METHOD AND APPARATUS WITH VISUAL MEDIUM GENERATION

Publication number:

US20250356464

Publication date:
Section:

Physics

Class:

G06T5/60

Inventors:

Assignee:

Applicant:

Smart overview of the Invention

The invention pertains to a processor-implemented method and apparatus for generating visual media. It involves obtaining prompts that specify various levels of image quality and using these prompts to create multiple visual media of the same content. The process employs a visual medium generation model trained with a loss function that evaluates the difference between the output's image quality and the quality level specified by the prompt.

Technological Context

Visual medium generation technology leverages computer systems to create images or videos, applicable across numerous fields. This encompasses machine learning models such as generative adversarial networks (GANs), transformer-based models, and diffusion models. These technologies are integral in 2D and 3D modeling, rendering, animation, and other computer graphics applications, providing essential data for training visual medium-related models.

Methodology

The method involves fine-tuning a pre-trained generative model using a loss function that measures the discrepancy between the generated media's quality and the prompt-specified quality.
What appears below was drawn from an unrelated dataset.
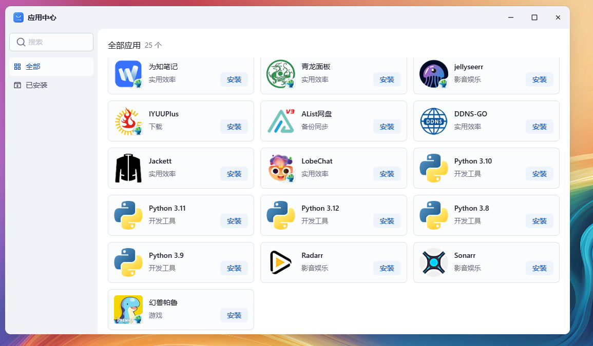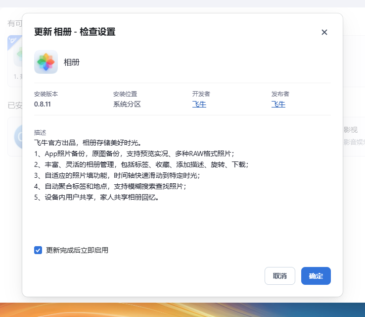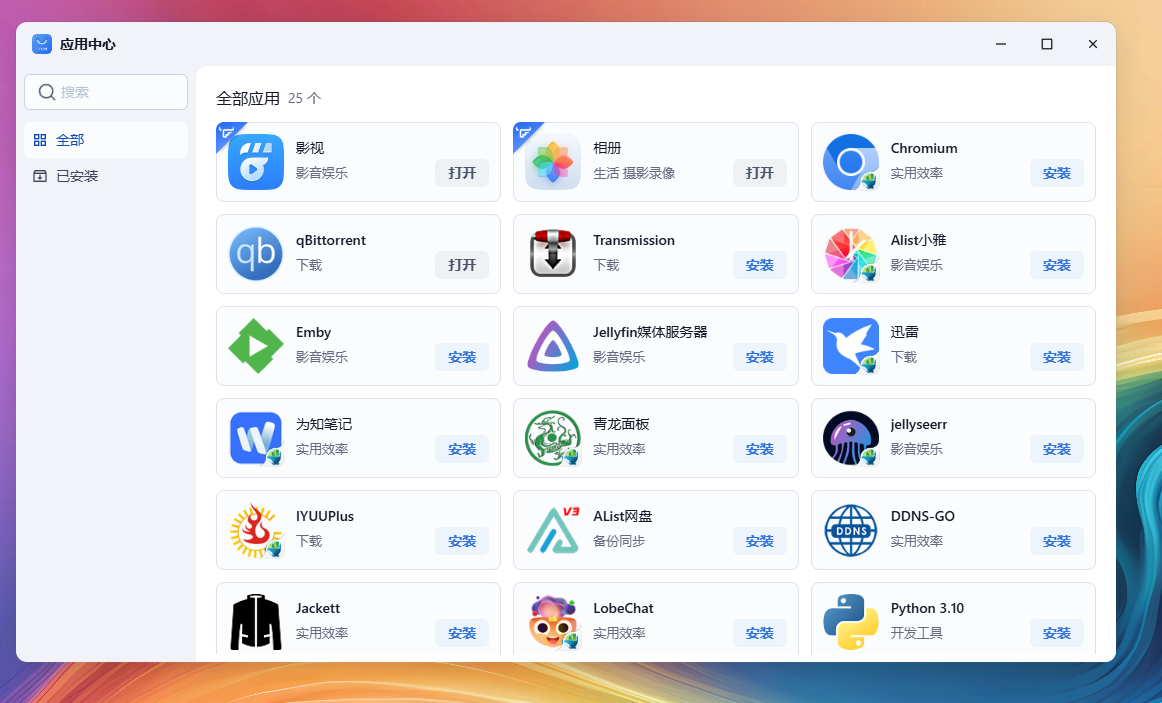 缺点:1、部分功能不可用;2、功能缺失,例如没有发送通知的渠道(设置邮件发送nas告警通知等);3、应用中心只能安装官方通道的应用,不能像群晖那样添加社群软件源,官方软件较少;

Prompts can contain information about multiple image quality elements, allowing for varied quality levels across different prompts. Training data is generated by applying these prompts to produce visual media, which is then used to train a visual medium-based model.

Model Training

Training of the visual medium-based model includes using prompts to generate ground truth (GT) data for image quality evaluation. The model can generate comparative evaluation data or improve the image quality of inputs based on prompts. An image quality improvement prompt can transform media from one quality level to another, determined by comparing two prompts' relative superiority.

Apparatus Configuration

The apparatus comprises processors configured to handle prompts and generate corresponding visual media. These processors fine-tune generative models using a loss function that assesses quality differences between outputs and input prompts. They also generate training data for visual medium-based models, facilitating various evaluations and improvements in image quality.